– Говоришь, на девятый день ушло оледенение? – как-то спросил Тычка.
– Ага, – выдохнул старик. Только что ушел приступ дурноты, балагур мало-мало ожил. – Гарькина душа вверх вознеслась, и все поправилось.
– Залевец, Расшибец, Брюнсдюр, на вас надежда, – буркнул ворожец под нос.
Друг друга меняли с Гюстом у поддувала. Благо умная мысль озарила кормщика – приспособил под это дело ножной гончарный круг. Полегчало с третьего дня, как все наладили.
– Напои меня отравой покрепче, ворожец, – раз в день просила Верна. Глядела вокруг тоскливыми щенячьими глазами и что-то считала, Стюжень как-то расслышал: «Десять дней…»
– Сядь-ка рядом, красота. – Верховный кивком показал на лавку справа от себя. Верна села.
– Рассказывай.
– Что?
– Все. С самого начала. Раньше недосуг было, а тебя послушать, должно быть, презанятно.
Открыла было рот, потом задумалась и сцепила зубы.
– Не буду!
– Дура.
– Знаю. Упои меня отравой покрепче, ворожец.

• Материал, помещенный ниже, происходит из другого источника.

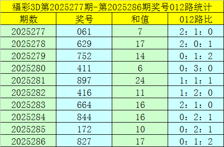上期回顾:福彩3D第2025286期开出奖号:827。奖号为组六形态,与试机号没有同,奇偶比为1:2,大小比为2:1,012路比为0:1:2,和值为17,跨度为6。

Стюжень мерно давил ногами досочки, что Гюст хитроумно приспособил к гончарному кругу. Поддувало, мерно раздаваясь, нагнетало в печь свежий воздух.
– Не хочешь говорить… ладно. Но травить не стану.
– Мне нельзя жить, – прошептала. – Нельзя! Я приношу только несчастья!
– Что же такого случилось, если смерти ищешь, как голодный – хлеба?
– Не скажу!
– Ты упряма, я упрямее.
Молча встала и ушла…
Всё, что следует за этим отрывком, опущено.